The assay should be performed as outlined the assay protocol as this is how it has been validated.
This kit was developed to work in test tubes using the assay format outlined and we have not performed this assay in a 96 well microplate format.
However, if you wish to do this in your own lab, the only part of the procedure that can possibly be performed in a microplate format is the GOPOD incubation and/or the absorbance read steps.
The 50 degree incubation of the GOPOD reagent with the sample could be done in the microplate format but the wells will need to sealed during the incubation. Obviously incubation cannot be done in a water bath but in an incubation oven. Also, the volumes need to be decreased by 10-fold i.e. 0.01 mL sample plus 0.3 mL GOPOD reagent. The lower volumes and potentially the heat transfer may introduce more error than observed in the higher volume glass test tubes. The glass test tubes in the water bath provide the best heat transfer and control to the reaction solution and I strongly recommend to use the test-tubes and then transfer to the microplate for reading if required.

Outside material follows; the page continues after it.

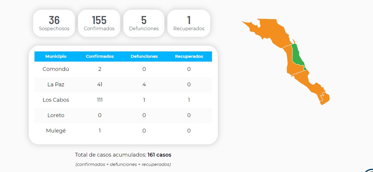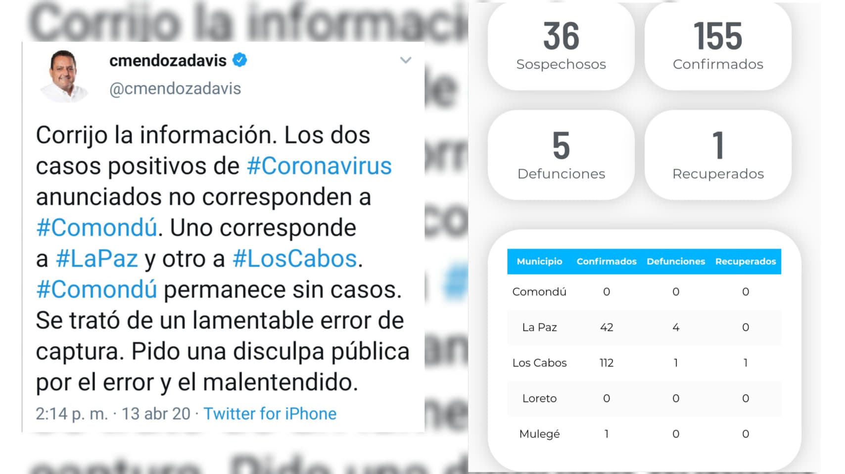 Después de este anuncio aclaratorio, las cifras quedaron de la siguiente manera, 42 casos positivos en La Paz, 112 en Los Cabos, y 1 en Mulege. 4 defunciones en La Paz, 1 en Los Cabos. Recuperados 1 en Los Cabos. el total de casos positivos en Baja California Sur asciende a 155.

Please note: When you decrease the volume of GOPOD Reagent you decrease the amount of glucose you can measure i.e. While using 3 mL of GOPOD Reagent you can measure up to 100 μg of glucose, if you decrease the volume of GOPOD Reagent 10-fold to 0.3 mL, you can only measure up to 10 μg of glucose. The same volumes would be required for your glucose standards and the calculation will change slightly.
Alternatively, if you really wish to use the microplate in this assay you can use the microplate as a means to read the absorbances rather than the entire incubation of it, in this case the calculations will not need to be changed.
We recommend internal validations where customers deviate from the stated protocol. As we have not performed this method using a 96 well plate for the final GOPOD assay therefore we cannot comment on its efficacy &/or resultant accuracy.